[Math] Abelian group of order 99 has a subgroup of order 9

finite-groupsgroup-theory

Prove that an abelian group $G$ of order 99 has a subgroup of order 9.

I have to prove this, without using Cauchy theorem. I know every basic fact about the order of a group.

I've distinguished two cases :

  • if $G$ is cyclic, since $\mathbb Z/99\mathbb Z$ has an element of order $9$, the problem is solved.

  • if $G$ isn't cyclic, every element of $G$ has order $1,3,9,11,33$. I guess I need to prove the existence of an element of order $9$. How should I do that ?

Note that $G$ is abelian (I haven't used it yet).

Context: This was asked at an undergraduate oral exam where advanced theorems (1 and 2) are not allowed.

Best Answer

There exists an element $a$ of order $3$. If there was not every element would need to have order $11$.

But then a counting argument leads to contradiction.

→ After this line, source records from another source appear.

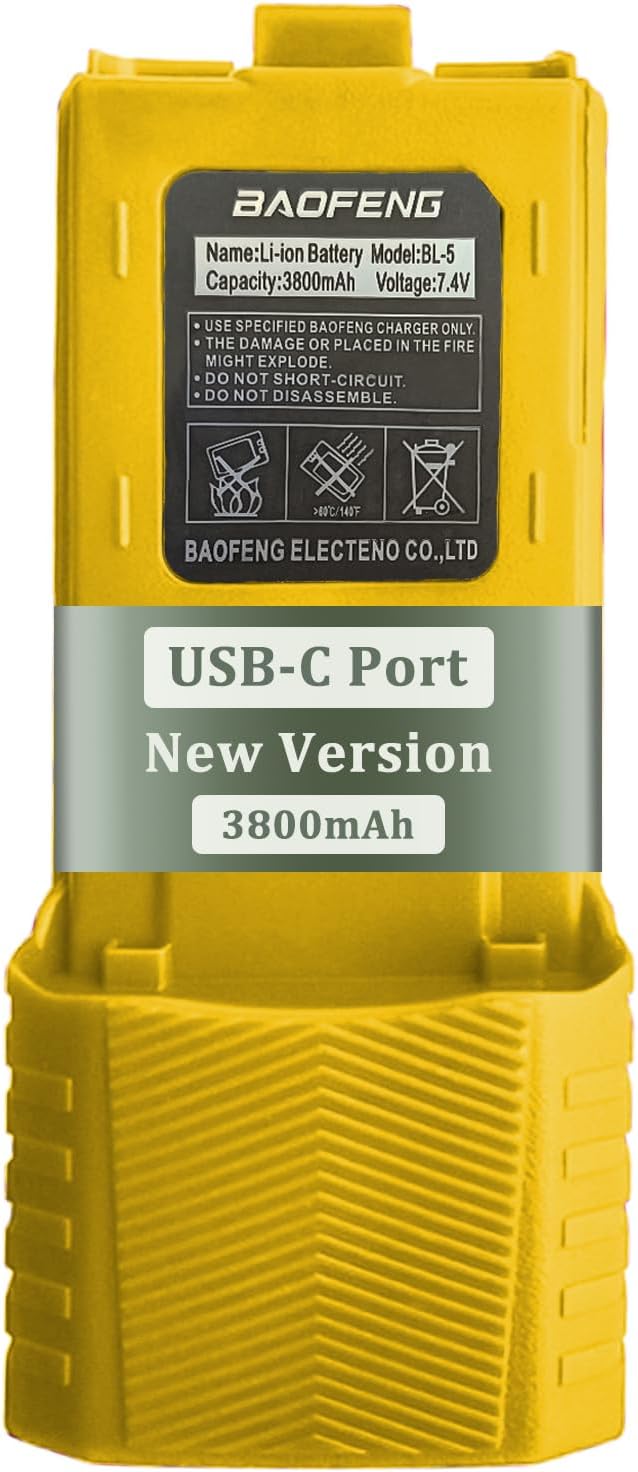 BAOFENG UV-5R Radio Battery Extended 3800mAh USB-C Charging Yellow Replacement for BF-F8HP New Version for BF-F8 Rechargeable Bl-5 Two Way Radio Battery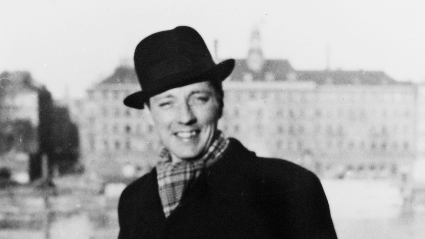 Porträtt av Raoul Wallenberg iklädd kostym som tittar på något utanför bild.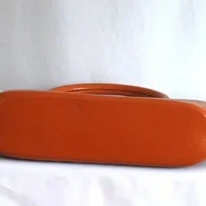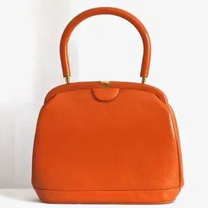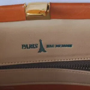 This textured leather, Paris Sac De Dame 1960's hand bag is a classic. The frame and top handle are covered in a smooth cowhide leather. It has a gold tone clasp on the top, opening up to a light tan leather interior. One side has one zipped, and one open pocket. The other side has one open pocket. The label is printed inside with an image of the Eiffel tower, and Sac De Dame. It measures 12" wide x 9 1/2" high with a handle drop of 5". It is in excellent condition, inside and out.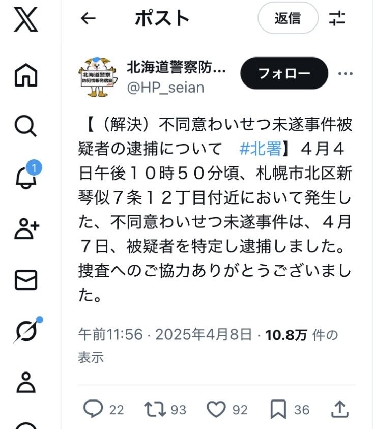 - 2025年4月4日午後10時50分ごろ、札幌市北区新琴似の駐車場にて、体調不良で休んでいた10代後半の女性に対し、「大丈夫ですか」などと声をかけ、体に触れた際に性的な部位に手を伸ばそうとした疑いが持たれています。女性は抵抗して逃げ、無事でした。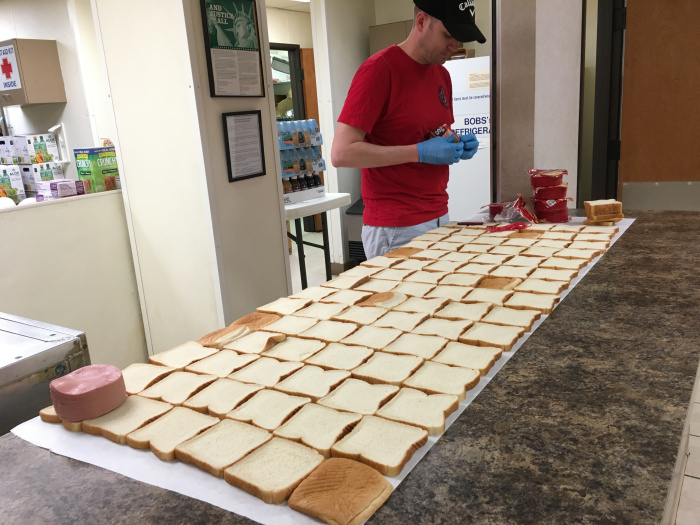 Joe Biles, left, and Biles and Lee Hampton, prepare sandwiches and food bags at B.O.B.S. during the time of COVID. Photos by Loretta Fulton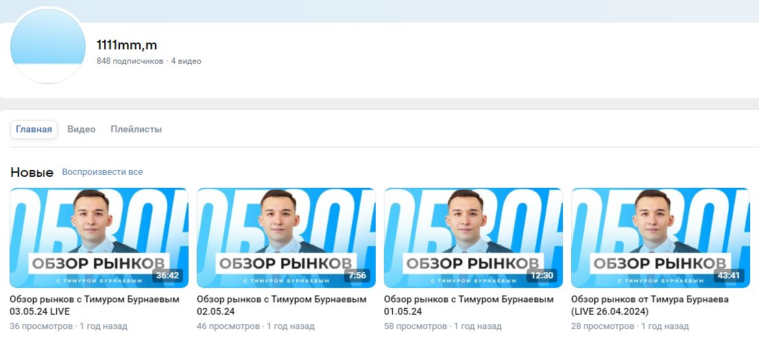 Timur выложил на сервисе ВКВидео в профиле под названием 1111mm m 4 видеоролика.

We take the quotient group $ G/<a>$. Then it has order $33$. The same argument shows that there exists an element $b$ of order $3$. Take the map $p: G \rightarrow G /<a>$ the natural projection. The pre-image of a subgroup is a subgroup, so we take the subgroup of $G$ $p^{-1}(<b>)$. And this subgroup has order $9=|\rm{Ker p}|| <b>| $.